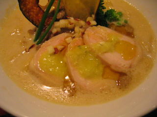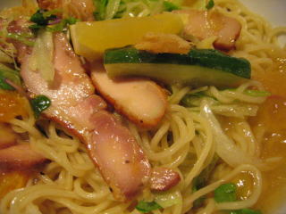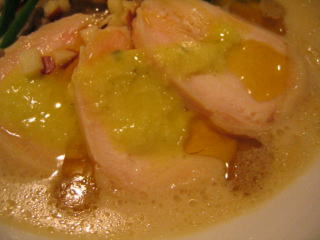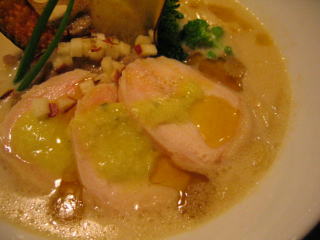 情報によると鶏のチャーシューではなく、ハーブオイルにつけ込んだ鶏のハムだそうです。
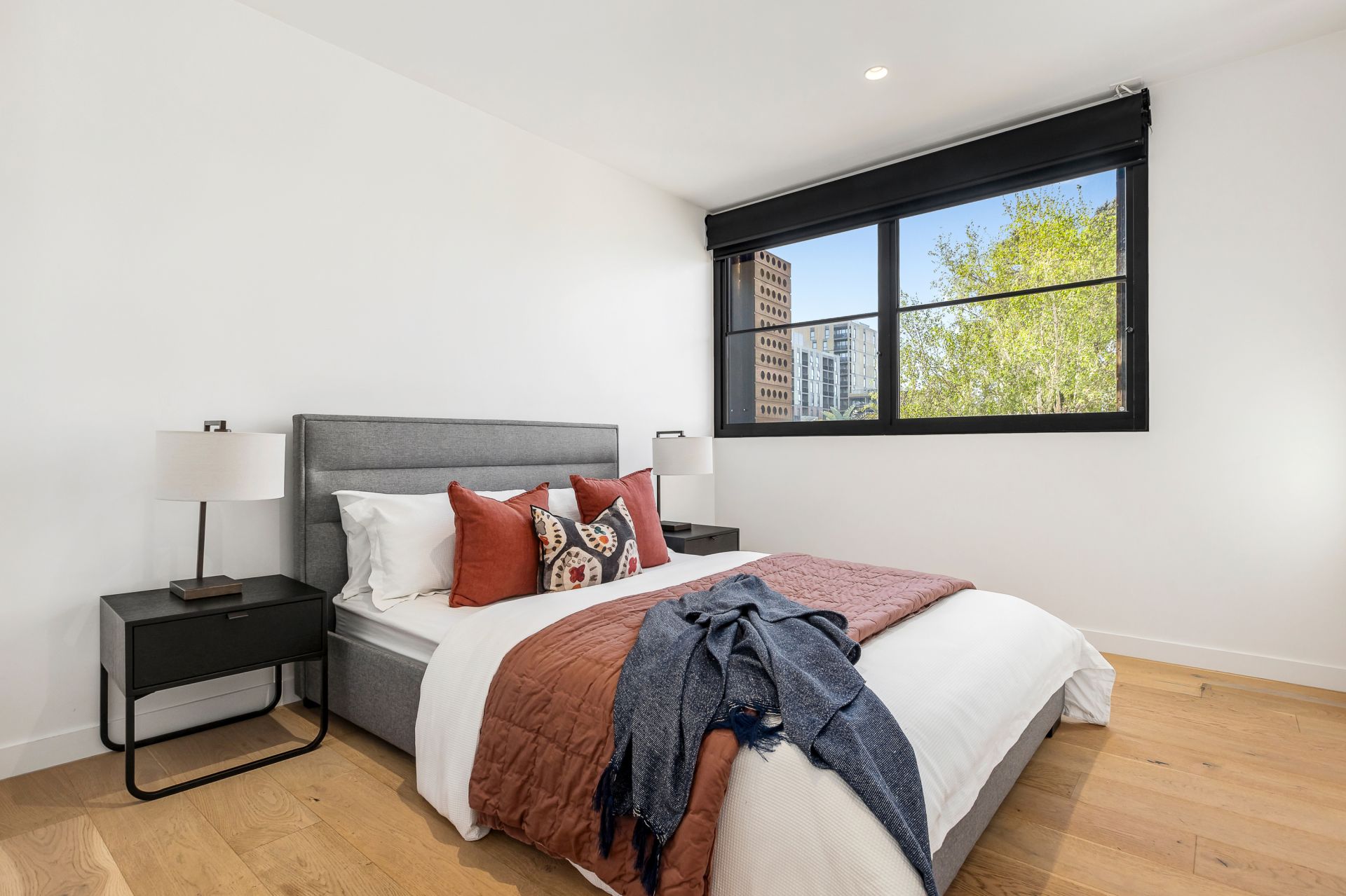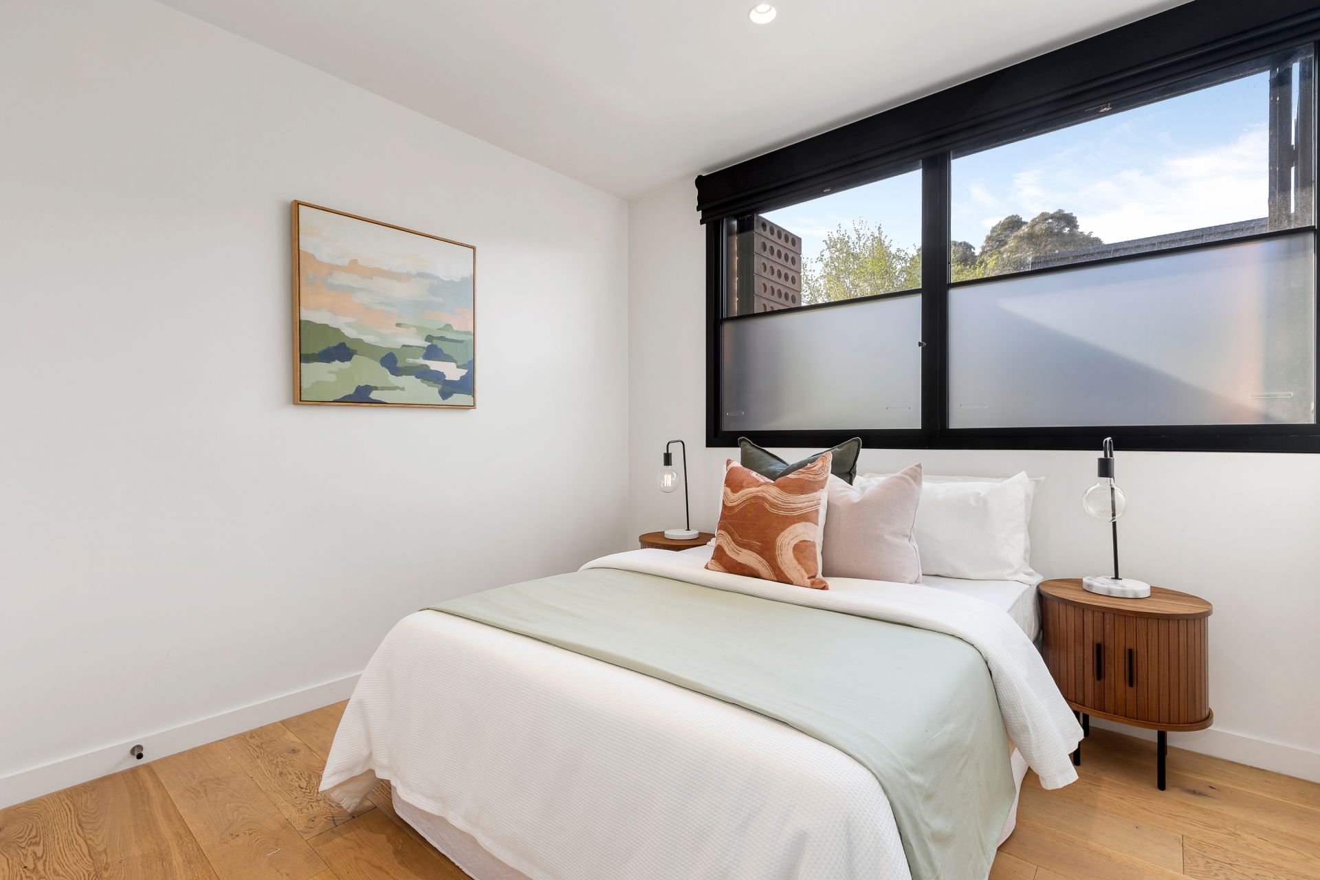 Other features include central heating and cooling and double-glazed windows throughout, polished timber boards, video intercom entry, powder room with laundry, motorised blinds, two secure basement car parks, and a large storage cage.
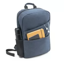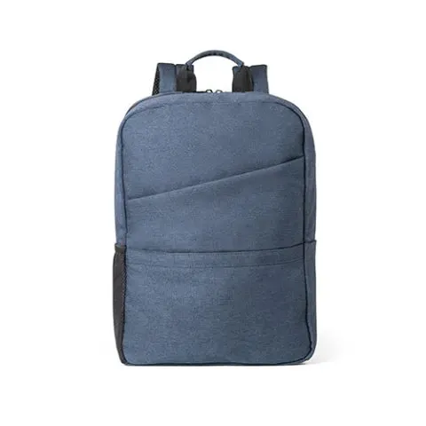 Mochila para notebook em rPET 600D com alças almofadadas. O compartimento principal tem 2 divisórias almofadadas para notebook até 15.6” e tablet até 10.5”. Contém dois bolsos com fecho na parte frontal e um bolso lateral em rede com elástico. Parte posterior almofadada com banda para transporte em trolley. 300 x 420 x 110 mm

## Exercise objective
Repeat the material above in full and exactly, apart from the pictures.

## Task answer
 情報によると鶏のチャーシューではなく、ハーブオイルにつけ込んだ鶏のハムだそうです。
 Other features include central heating and cooling and double-glazed windows throughout, polished timber boards, video intercom entry, powder room with laundry, motorised blinds, two secure basement car parks, and a large storage cage.
 Mochila para notebook em rPET 600D com alças almofadadas. O compartimento principal tem 2 divisórias almofadadas para notebook até 15.6” e tablet até 10.5”. Contém dois bolsos com fecho na parte frontal e um bolso lateral em rede com elástico. Parte posterior almofadada com banda para transporte em trolley. 300 x 420 x 110 mm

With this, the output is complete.